December 12, 2018 15+ min read
“You’ve clearly got what founders are made of, but I hope you’re not planning to get pregnant anytime soon.”
As the co-founder of comprehensive maternity healthcare company Mahmee, CEO Melissa Hanna is an expert when it comes to fielding questions about prenatal and postpartum care, but she was shocked that she would be asked to discuss her own body as part of the fund-raising process for her business.
It was 2015, and she was meeting with a thirty-something, white, male venture capitalist who was close to putting $100,000 of early-stage funds into the company.
As soon as he said it, Hanna recalls, he “kind of cringed a little bit, even knowing that he’d said that out loud. But then he said, ‘Yeah, you know, I mean, female founders …’ and left it hanging in the air.”

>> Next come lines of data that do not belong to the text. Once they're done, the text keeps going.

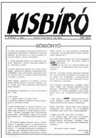
Az első Kisbíró – 1990. június

– A Kisbíró körülbelül 1994 közepe táján lett az önkormányzat lapja. Valószínű, hogy ekkor már a polgármesteri hivatal részéről is jött a felkérés, de az is elképzelhető, hogy ezzel egy időben a művelődési ház részéről is kiment ez a kérelem. Tény az, hogy az utolsó években rendkívül színvonalatlan volt az újság. És ezt nemcsak mi, a képviselők láttuk így, hanem a lakosság részéről is sokan. Mi sem bizonyítja ezt jobban, mint-hogy 2003–2004 környékén megjelent egy új, ingyenes kiadvány a Zöld Kisbíró , aminek óriási sikere volt pusztán azért, mert visszatért oda, hogy első-sorban magánemberek érdekes cikkeit jelentesse meg.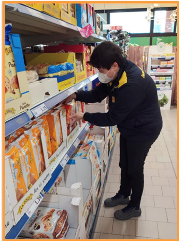
Tirocinio in un supermercato

parallelamente alle attività educative interne, offriamo la possibilità di sperimentarsi in contesti lavorativi esterni allo SFA, senza la presenza continua dell'educatore, che verificherà periodicamente il tirocinio attraverso colloqui con il tutor e l'utente.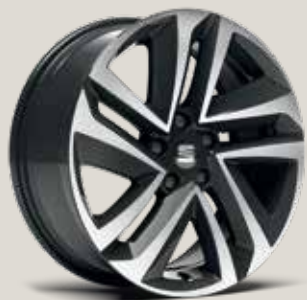
Performance 18" 37/1 Machined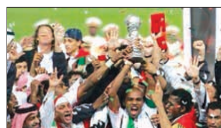
الأبيض الإماراتي بطل خليجي 21

واستطاع المنتخب السعودي ان يكتب التاريخ في بداية الالفية عندما خاض المباراة تلو الأخرى بدون خسارة حتى تغلب على شقيقه القطري بنتيجة 3-1 في آخر مواجهاته ليتوج بطلا لكاس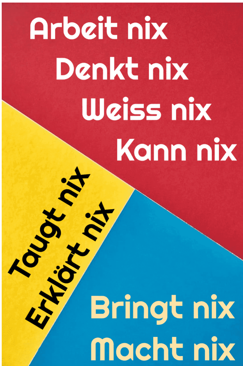
[11]6. Der Vorteil der Klugheit besteht darin, dass man sich dumm stellen

5. "Zu nix zu gebrauchen, aber zu allem fähig." Die Textgrafik besteht nur aus einfachen geometrischen Formen und Text. Sie erreichen keine Schöpfungshöhe, die für urheberrechtlichen Schutz nötig ist, und sind daher gemeinfrei. Dieses Bild einer einfachen Geometrie ist nicht urheberrechtlich und daher gemeinfrei, da es ausschließlich aus Informationen besteht, die Allgemeingut sind und keine originäre Urheberschaft enthalten. > This image of simple geometry is ineligible for copyright and therefore in the public domain, because it consists entirely of information that is common property and contains no original authorship.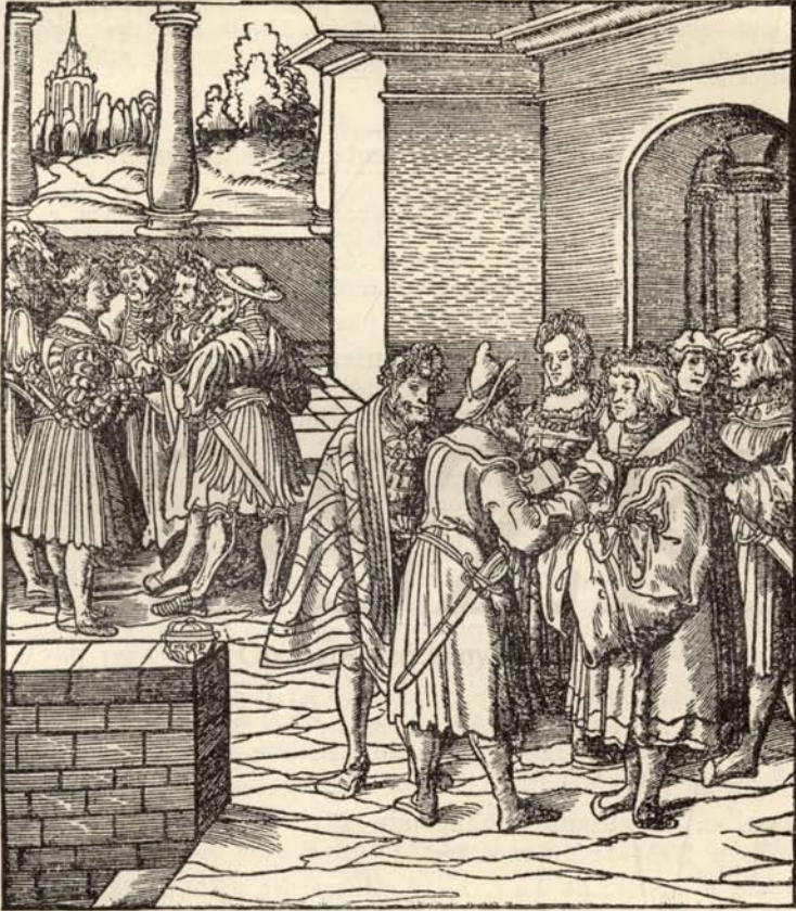
Aus Nr. 192. Dictys. Trojan. Krieg. ( \frac{1}{2} der Orig.-Grösse.)

1543. 2 n. gez. u. 22 gez. Bl. M. fast blattgr. Titelholzschn. u. 1 Holzsch. auf Bl. 1. fol. Hlwd. b.

At the time, Hanna had been running her company for nearly two years, with growing revenue and brand recognition to show for it. The deal could have been a fruitful one for both parties, but the comment brought any potential working relationship to a halt. She recalled to Entrepreneur how she volleyed a question right back.
“I said, ‘Yeah, I hear you. I understand your concern. I’ll let you know I’m on birth control, I’m on the pill. And I hope that you also ask all of your male founders, when they’re pitching, if they’re using condoms. You do that, right?’ I just leaned into it,” Hann said. “If someone is going to pointedly reject you on a factor like that, you have to just be so on the nose about it back with them. They did not respectfully engage in that conversation with me. So, why should you save them from their own inappropriateness?”
She recalled another meeting that took place about a year later, that meeting was particularly eye-opening about what she was up against. The company’s CTO Sunny Walia was with her. A significant chunk of the time in the room with the VCs was spent on her background and credentials, discussing things like what her college thesis topic was and who had paid for her education. Up until that moment, Hanna said, she had thought that line of questioning was just something all founders went through.
But after the meeting ended Hanna said, Walia expressed surprise. Prior to joining Mahmee, Walia’s previous CEOs all had had fairly similar backgrounds: wealthy, older white men who were building tech companies, who had track records and existing relationships with many people in the investing space. None of his meetings with them had gone like this one. Hanna said that moment crystallized what she was beginning to understand: as a female founder of color in her late 20s who was effectively a stranger in these rooms, she was working with a completely different set of expectations to the white, male founders that Walia had worked with in the past.
“To have had a room of VCs spend one-third of my time with them, debating me and my credentials and my capabilities, before I even got to pitch what the company was doing: That is the challenge of being a ‘non-typical founder,’” Hanna said. “In a nutshell, you don’t get as much time, you don’t get as much money. You don’t get as much respect. And yet you’re still expected to make the same returns.” But, she is quick to add, “This is not a ‘woe is me’ kind of story, this is not about being a victim of Silicon Valley, it’s about being successful despite the odds against us.”
Who gets funded?
Image credit: Susan Lyne
The percentage of venture-backed companies with female founders has been stuck at approximately 17 percent since 2012. In 2017, women only got 2.2 percent of the total VC funding for the year, which was $85 billion.
“If you [the investor] sit down and you think to yourself, this person couldn’t possibly build a billion-dollar company, if you start the meeting with that mindset, how is someone supposed to pitch a billion dollar idea to you?” Hanna explained.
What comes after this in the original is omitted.